Shakespeare in the Movies from the Silent Era to Today by Douglas Brode, 2001.  Read in September 2010.

                      Inspired by the debate generated by Ruby’s Reflection on “Can You Do That to Shakespeare?”  I decided to skip a book in my list in order to write about this one, which is all about what has been done to Shakespeare in the movies.  Brode starts his book with two quotes: “Shakespeare would have made a great movie writer”, Orson Welles, stage and screen director.  And: “Shakespeare is no screen writer,” Peter Hall, stage and screen director.  Both of these men are considered Shakespeare movie giants.  So how can they disagree so completely?  Because we can’t agree on what can be done with Shakespeare. Exploring this debate, Brode’s introduction alone makes the book worth buying.
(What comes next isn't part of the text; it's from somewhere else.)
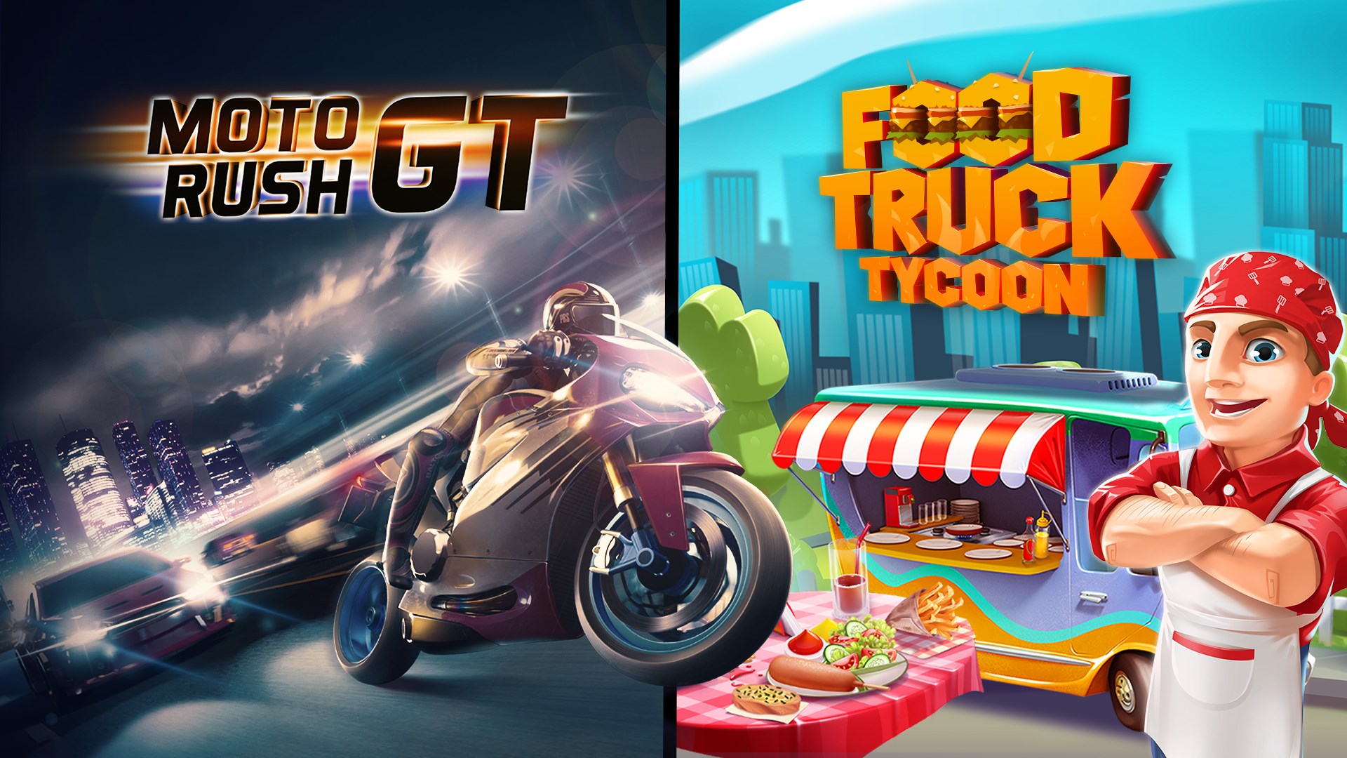 Embrace the thrill of highoctane racing and culinary mastery with the exhilarating Moto Rush GT Food Truck Tycoon Bundle
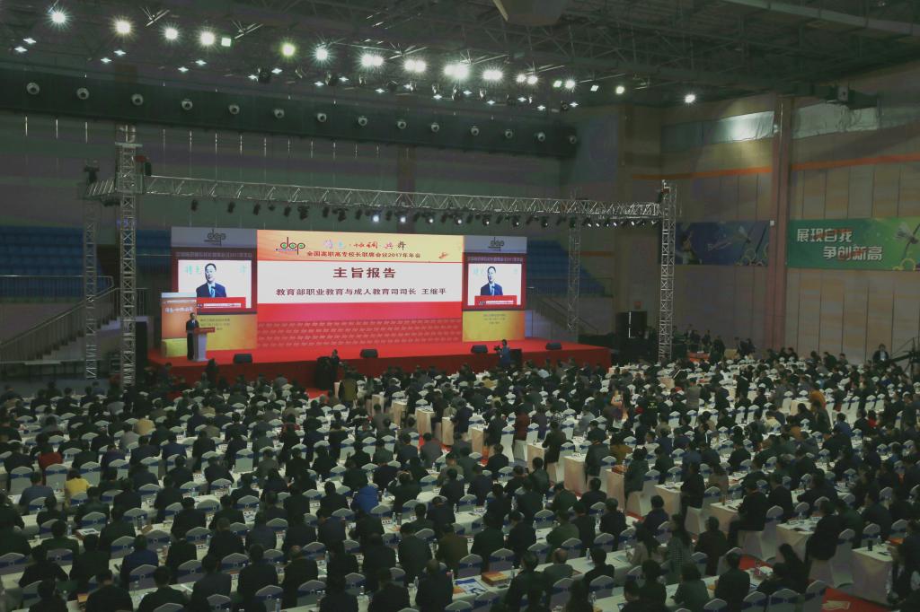 此次会议以“认真学习宣传贯彻党的十九大精神,完善职业教育和培训体系,深化产教融合、校企合作,推进中国特色高等职业教育再创辉煌”为主题,集中展示全国高职院校在坚定方向、特色办学、协调发展、共享开放等方面的经验和成果,共同探讨新时代背景下高等职业教育充分均衡发展的思路和举措。会议由全国高职高专校长联席会议主席董刚主持。

                      The rest is good too. In thirteen chapters he covers the history of the movies made on nineteen plays, for example The Taming of the Shrew, Romeo and Juliet, A Midsummer Night’s Dream, Much Ado About Nothing, Hamlet, Othello, Macbeth, King Lear, the history plays and others.
He discusses the different approaches, the problems, the successes. He makes bold statements with which I disagree, for example, “The Chimes at Midnight is the greatest of all Shakespeare film,” (it was very good but not the best in my opinion) and “The casting [of Elizabeth Bergner as Rosalind in As You Like It] was disastrous.” Actually I thought she was OK in a generally bad interpretation.  He is also devastatingly negative to productions I haven’t seen, but that only makes me curious. He seems to agree, for example, with those who hated Peter Brook’s version of King Lear, inspired by Jan Kott’s book Shakespeare Our Contemporary, (see my review) Brode writes: “Brook undermines Shakespeare and presents a world without decency, which is a far cry from Will’s vision.”  Hmmm. Is it? Lear is a pretty bleak play.  I so wish I could find this movie so I could judge for myself.  
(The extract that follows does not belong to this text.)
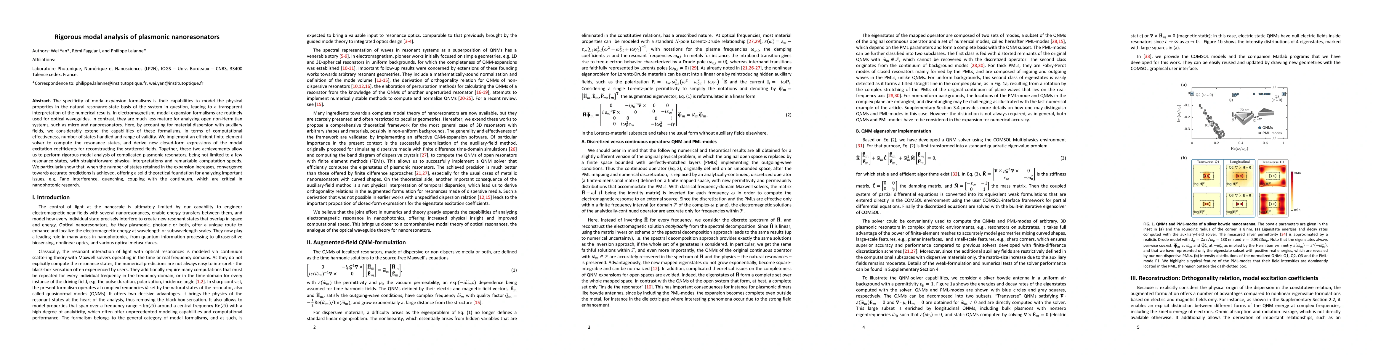 The specificity of modal-expansion formalisms is their capabilities to model the physical properties in the natural resonance-state basis of the system in question, leading to a transparent interpretation of the numerical results. In electromagnetism, modal-expansion formalisms are routinely used for optical waveguides. In contrast, they are much less mature for analyzing open non-Hermitian systems, such as micro and nanoresonators. Here, by accounting for material dispersion with auxiliary fields, we considerably extend the capabilities of these formalisms, in terms of computational effectiveness, number of states handled and range of validity. We implement an efficient finite element solver to compute the resonance states, and derive new closed-form expressions of the modal excitation coefficients for reconstructing the scattered fields. Together, these two achievements allow us to perform rigorous modal analysis of complicated plasmonic resonators, being not limited to a few resonance states, with straightforward physical interpretations and remarkable computation speeds. We particularly show that, when the number of states retained in the expansion increases, convergence towards accurate predictions is achieved, offering a solid theoretical foundation for analyzing important issues, e.g. Fano interference, quenching, coupling with the continuum, which are critical in nanophotonic research.
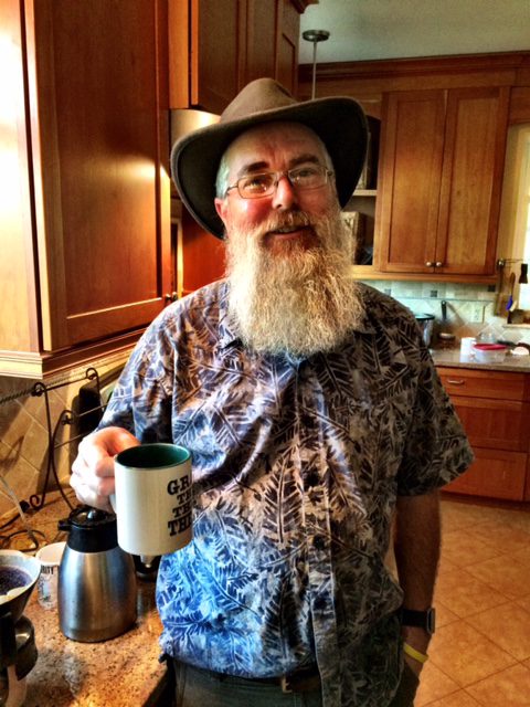 Finally, before I go off to pray, here’s a photo of Mike Lawless, who, with his family, was the original settler of the Catholic agrarian community here (they moved here from San Diego). This morning, he made me a cup of “bulletproof coffee,” which I was very reluctant to try (the thought made me queasy, given that the thing is full of butter), but which, I have to admit, was pretty dang good. Mike was one of the local folks who made me feel so welcome here, and to him and to all the others in the village around Clear Creek Abbey, I am so grateful.

More often than not, though, I agree with Brode who clearly shares my love for Shakespeare and for movies. And I can forgive him almost anything for the following about Hamlet: “’There can never be a definite production of a play,” Time once noted, “about which no two people in the world agree.” That may be true; still, Branagh’s Hamlet comes close to delivering the definite film.”
However, we don’t read books just to reinforce our views, we read to broaden them and that is this book’s greatest value to me.  It has stimulated my own approach to Shakespeare and inspired me to continue my ongoing search for more Shakespeare movies.  They may not be endless but there are sure a lot of them and they keep coming. Lucky for us.